Reactions: Funny 2 | Winner 1


----------



## Grinningfox (Feb 1, 2022)

2015 Toyota Avalon hybrid xle currently

May stop being a cheapo and get a BMW but that’ll be some time later as my daughter comes first

Reactions: Like 2 | Agree 1 | Friendly 2


----------



## Karasu (Feb 1, 2022)

blakstealth said:


> oh, if you like maintenance, then you will love Jeeps



Mmm...I plan on doing a good amount of preventative maintenance. But I'm not aware of too much in the way of inherent problems with their platform inasmuch as what I've outlined.


----------



## Schneider (Feb 1, 2022)

Djomla said:


> It was given to me by my dad. Yes, I need to better my driving skills.
> 
> This one is driven by my grandfather. I love it.
> 
> ...


One of my life dreams would be collecting these beatles that are rusting in garages and convert it to a high powered ev.

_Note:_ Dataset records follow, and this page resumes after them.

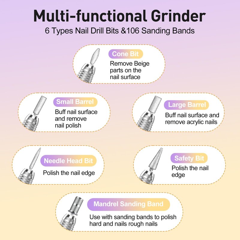 - Practical Acrylic Nail Kit: Electric nail file equipped with 6 nail drill bits and 100pcs sanding bands, meet all your demands for acrylic gel nails, dip powder nails and poly nail gels, works effective for polishing, shaping and removing
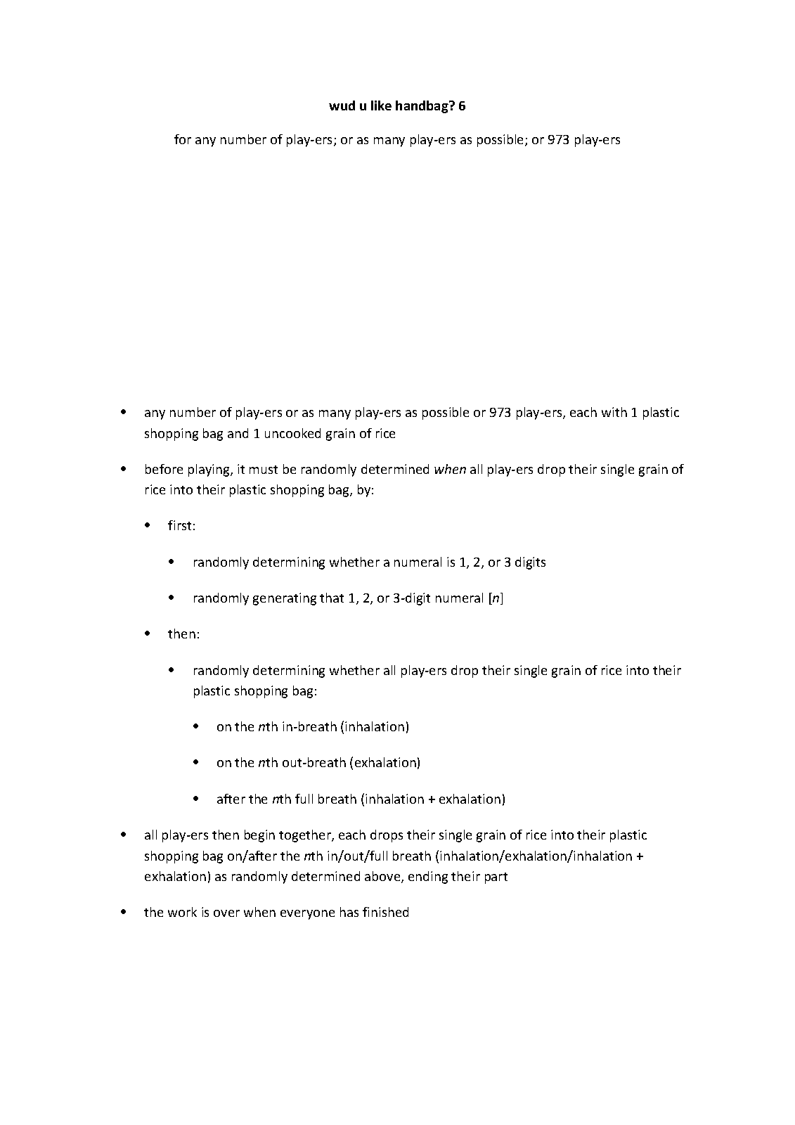 | Instrumentation | any number of play-ers or as many play-ers as possible or 973 play-ers, each with 1 plastic shopping bag and 1 uncooked grain of rice |
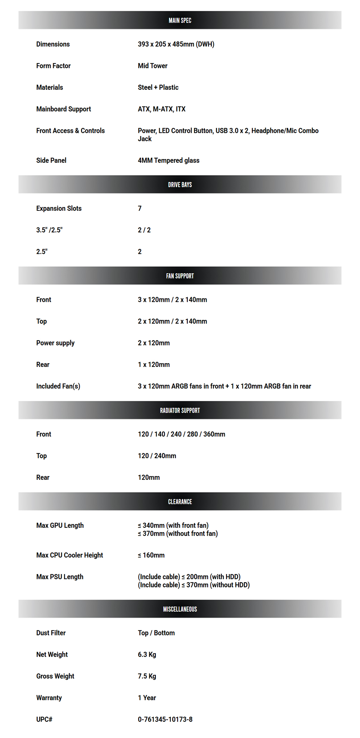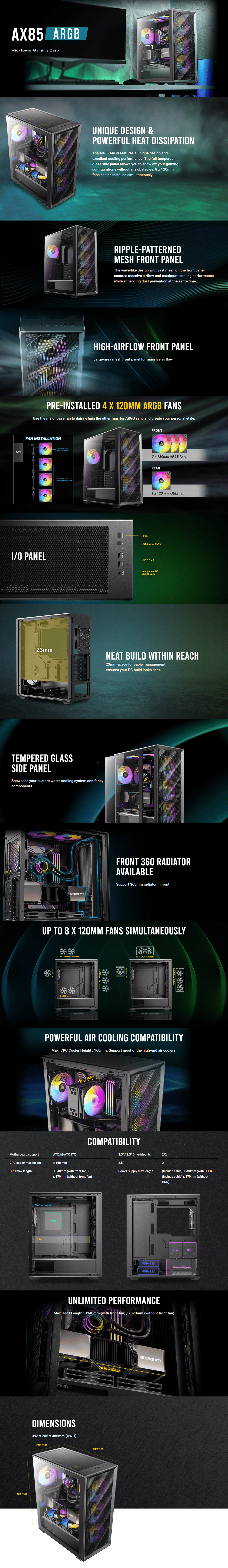 The AX85 ARGB features a unique design and excellent cooling performance. The full tempered glass side panel allows you to show off your gaming configurations without any obstacles. 8 x 120mm fans can be installed simultaneously.

Maybe with a lil restoration or reconstruction on the interiors, kind of a retro outside, modern inside kinda thing.

Still needs to figure out the aircons tho.

Reactions: Informative 1


----------



## Karasu (Feb 2, 2022)

While the acceleration of an electric motor is amazing there is one aspect electric vehicles are really lacking in - IMO it's an important one.

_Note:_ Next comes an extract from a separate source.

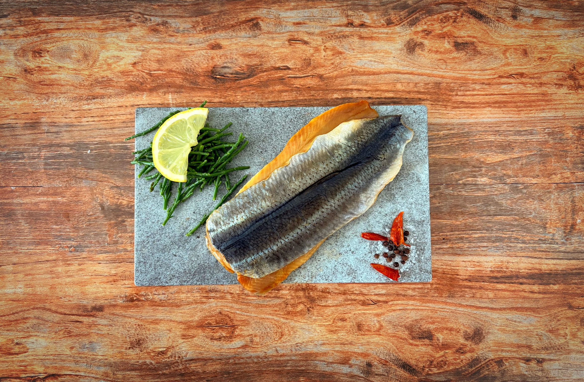To make these exceptional kippers, herring are split then smoked over a blend of hardwoods. Free from additives and dye, the fish are prepared with the central bone in place and vacuum-packed in pairs to ensure maximum flavour.
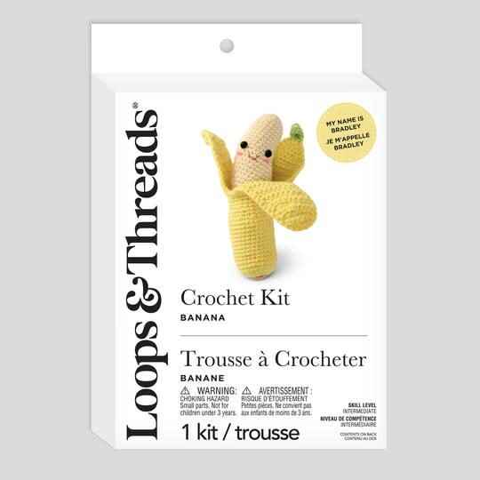 Purchase the Intermediate Banana Amigurumi Crochet Kit by Loops & Threads at Michaels. You can make Bradley the Banana come to life with the included instructions and materials.. Intermediate skill level . Estimated time to complete project: 8 hours . Spot clean with damp cloth as needed . Instruction sheet included

The sound of a performance engine running balls out with a good exhaust system is nothing short of amazing. It sounds vicious. If you've never had the experience I can only say you should definitely make it a point to.


----------



## A Optimistic (Feb 2, 2022)

2017 Santa Fe Sport.

not a big fan of cars though as long as it gets me from point a to point b then I’m good


----------



## Schneider (Feb 2, 2022)

Karasu said:


> While the acceleration of an electric motor is amazing there is one aspect electric vehicles are really lacking in - IMO it's an important one.
> 
> 
> The sound of a performance engine running balls out with a good exhaust system is nothing short of amazing. It sounds vicious. If you've never had the experience I can only say you should definitely make it a point to.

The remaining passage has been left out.